**Excerpted records**

-=-=-

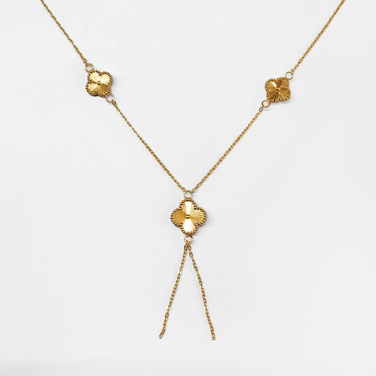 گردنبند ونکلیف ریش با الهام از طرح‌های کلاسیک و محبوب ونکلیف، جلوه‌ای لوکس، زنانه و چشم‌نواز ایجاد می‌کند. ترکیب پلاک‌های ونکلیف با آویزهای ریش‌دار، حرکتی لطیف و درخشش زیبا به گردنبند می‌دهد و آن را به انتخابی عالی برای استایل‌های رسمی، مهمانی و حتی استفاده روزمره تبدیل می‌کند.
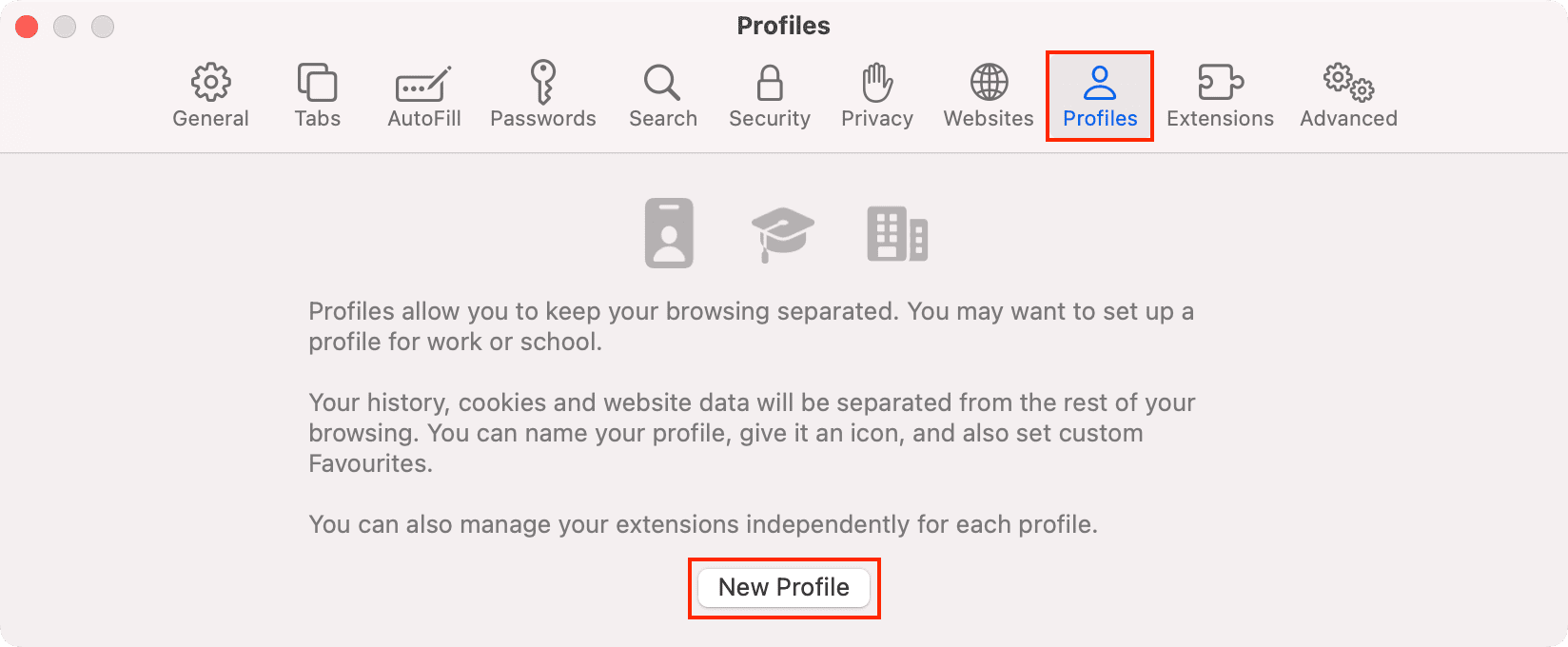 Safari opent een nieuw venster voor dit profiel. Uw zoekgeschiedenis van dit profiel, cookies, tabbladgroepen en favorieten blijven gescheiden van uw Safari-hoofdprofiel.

-=-=-

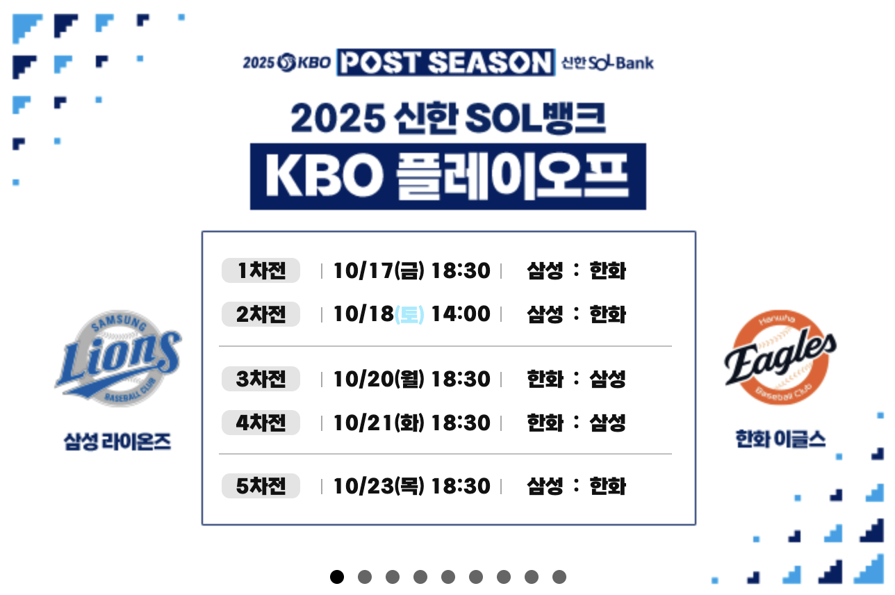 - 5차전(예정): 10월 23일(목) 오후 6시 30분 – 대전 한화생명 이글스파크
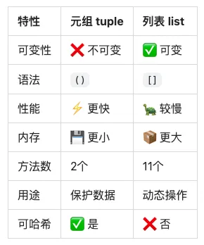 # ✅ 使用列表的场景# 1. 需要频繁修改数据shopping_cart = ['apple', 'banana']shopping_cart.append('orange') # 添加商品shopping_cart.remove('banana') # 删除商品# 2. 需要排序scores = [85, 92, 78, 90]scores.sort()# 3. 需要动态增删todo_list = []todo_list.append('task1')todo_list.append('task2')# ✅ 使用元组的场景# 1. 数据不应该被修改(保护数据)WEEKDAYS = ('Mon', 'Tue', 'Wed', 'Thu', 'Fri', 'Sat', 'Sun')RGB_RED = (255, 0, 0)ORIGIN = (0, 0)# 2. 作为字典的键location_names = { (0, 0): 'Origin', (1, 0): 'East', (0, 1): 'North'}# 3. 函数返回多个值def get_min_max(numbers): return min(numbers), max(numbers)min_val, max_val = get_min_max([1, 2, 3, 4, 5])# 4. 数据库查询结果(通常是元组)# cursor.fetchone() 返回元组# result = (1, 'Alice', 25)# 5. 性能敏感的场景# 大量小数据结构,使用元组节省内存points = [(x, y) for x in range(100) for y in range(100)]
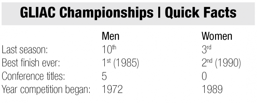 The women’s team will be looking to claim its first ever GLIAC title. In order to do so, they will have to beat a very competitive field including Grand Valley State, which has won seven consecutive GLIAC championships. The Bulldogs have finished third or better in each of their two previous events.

-=-=-

**What to do**
Take the entries above and copy exactly the lines starting at the one with "- 5차전(예정): 10월" and ending at the one with "The women’s team"; nothing outside that span, and no pictures.

**Answer for this exercise**
 - 5차전(예정): 10월 23일(목) 오후 6시 30분 – 대전 한화생명 이글스파크
 # ✅ 使用列表的场景# 1. 需要频繁修改数据shopping_cart = ['apple', 'banana']shopping_cart.append('orange') # 添加商品shopping_cart.remove('banana') # 删除商品# 2. 需要排序scores = [85, 92, 78, 90]scores.sort()# 3. 需要动态增删todo_list = []todo_list.append('task1')todo_list.append('task2')# ✅ 使用元组的场景# 1. 数据不应该被修改(保护数据)WEEKDAYS = ('Mon', 'Tue', 'Wed', 'Thu', 'Fri', 'Sat', 'Sun')RGB_RED = (255, 0, 0)ORIGIN = (0, 0)# 2. 作为字典的键location_names = { (0, 0): 'Origin', (1, 0): 'East', (0, 1): 'North'}# 3. 函数返回多个值def get_min_max(numbers): return min(numbers), max(numbers)min_val, max_val = get_min_max([1, 2, 3, 4, 5])# 4. 数据库查询结果(通常是元组)# cursor.fetchone() 返回元组# result = (1, 'Alice', 25)# 5. 性能敏感的场景# 大量小数据结构,使用元组节省内存points = [(x, y) for x in range(100) for y in range(100)]
 The women’s team will be looking to claim its first ever GLIAC title. In order to do so, they will have to beat a very competitive field including Grand Valley State, which has won seven consecutive GLIAC championships. The Bulldogs have finished third or better in each of their two previous events.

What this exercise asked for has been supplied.